Für die meisten Einheimischen, mit denen ich gesprochen habe, ist der Tourismus ein zweischneidiges Schwert. Die Menschen sind arm, der Bildungsstand tief und die Arbeitslosigkeit hoch. Mit dem Tourismus kommen Arbeit, Geld und Zukunftsperspektiven auf die Insel. Gleichzeitig nehmen die Balinesen den zunehmenden Stau auf den Strassen, die immer grösseren Abfallberge und die Verschmutzung von Wäldern, Flüssen, Stränden und des Meeres als Problem wahr. Wer sich um seine Existenz sorgt, muss jedoch erst seine eigenen Probleme lösen. Viele Einheimische sehen im Tourismus die Lösung ihrer persönlichen Probleme und nehmen die Schattenseiten davon als notwendiges Übel in Kauf. Eine Sichtweise, die verständlich ist und man dem Einzelnen grundsätzlich nicht übel nehmen kann.
Es wäre die Aufgabe der Regierung, langfristig zu planen und entsprechende, nachhaltige Massnahmen zu ergreifen. Leider ist die gesamte Wirtschaft von Bali auf den Tourismus ausgelegt und die Tourismusindustrie entsprechend gut mit der Politik vernetzt. Aufgrund der stark verbreiteten Korruption ist nicht zu erwarten, dass sich in Sachen Abfallentsorgung, Abwasserreinigung, Strassennetz, Umweltschutz, Tierschutz, Arbeitnehmerschutz und dergleichen in Zukunft viel bewegen wird.

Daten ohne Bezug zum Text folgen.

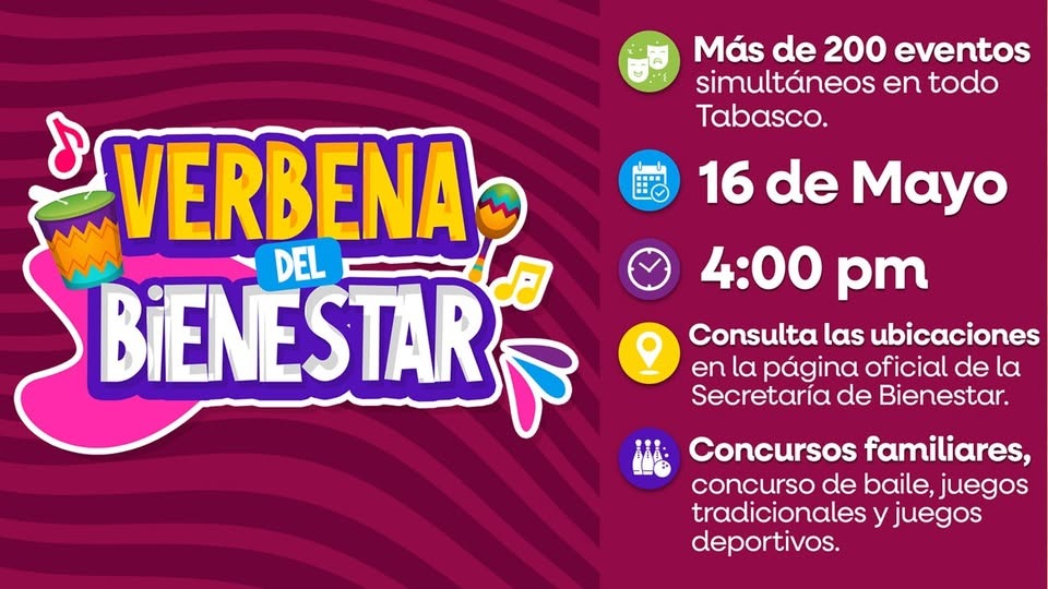 Con el objetivo de fomentar la convivencia familiar y comunitaria, el Gobierno estatal invita a la población en general a la Verbena del Bienestar que se llevará a cabo este viernes 16 de mayo a partir de las 4:00 de la tarde, de manera simultánea en los 17 municipios del estado.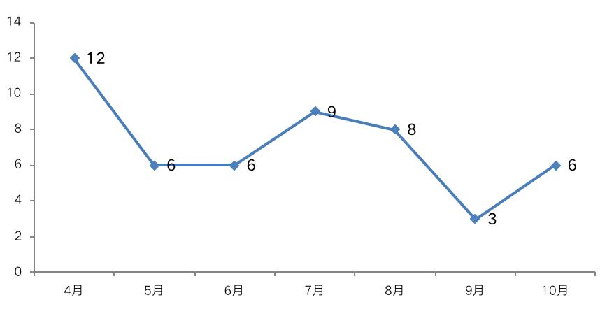 就楼板价TOP50地块月度成交分布来看,在4月达到12幅的高峰值之后,5、6月高地价数量逐渐减少。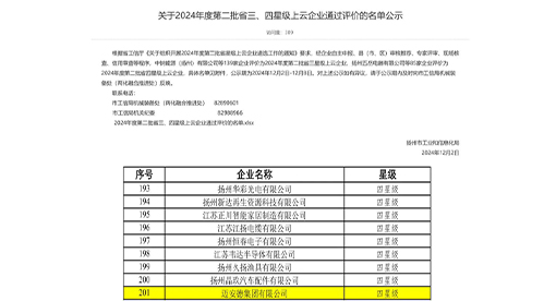 根据省工信厅《关于组织开展2024年度第二批省星级上云企业遴选工作的通知》要求,经企业自主申报、县(市、区)初审推荐、专家评审、现场核查、信用审查等程序,近日,扬州市工业和信息化局公示了省三、四星级上云企业通过评价的名单,迈安德集团榜上有名。这是继今年8月获批为省级三星级上云企业后,同年再次获得省级四星级上云企业。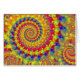 Tarjeta de felicitación con un modelo psicodélico amarillo, rojo, azul y rosado brillante loco del fractal.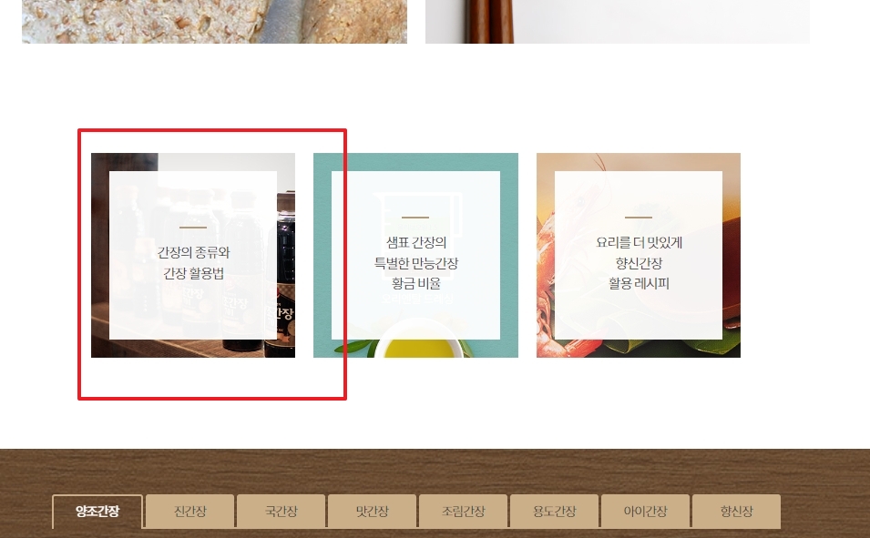 페이지가 이동하면 화면 아래로 내려서 간장의 종류와 간장 활용법 메뉴를 찾아 클릭합니다.

Der Fokus liegt auf kurzfristigen Gewinnen für einige wenige, die langfristige Entwicklung, die Umwelt und der Fortschritt für alle bleiben wohl auf der Strecke.
Ich befürchte, der Tourismus-Boom in Bali hält nur noch 5, vielleicht 10, maximal 15 Jahre an. Wenn es so weitergeht, wird die Insel in ihren Problemen versinken und nicht mehr als Ferienparadies vermarktet werden können. Gleichzeitig hoffe ich stark, dass sich Bali in eine andere Richtung entwickeln wird, den Spagat zwischen Tourismus und Naturschutz schaffen wird und ich mit meiner Prognose falsch liege. Es wäre jammerschade um die traumhaften Ecken dieser Insel!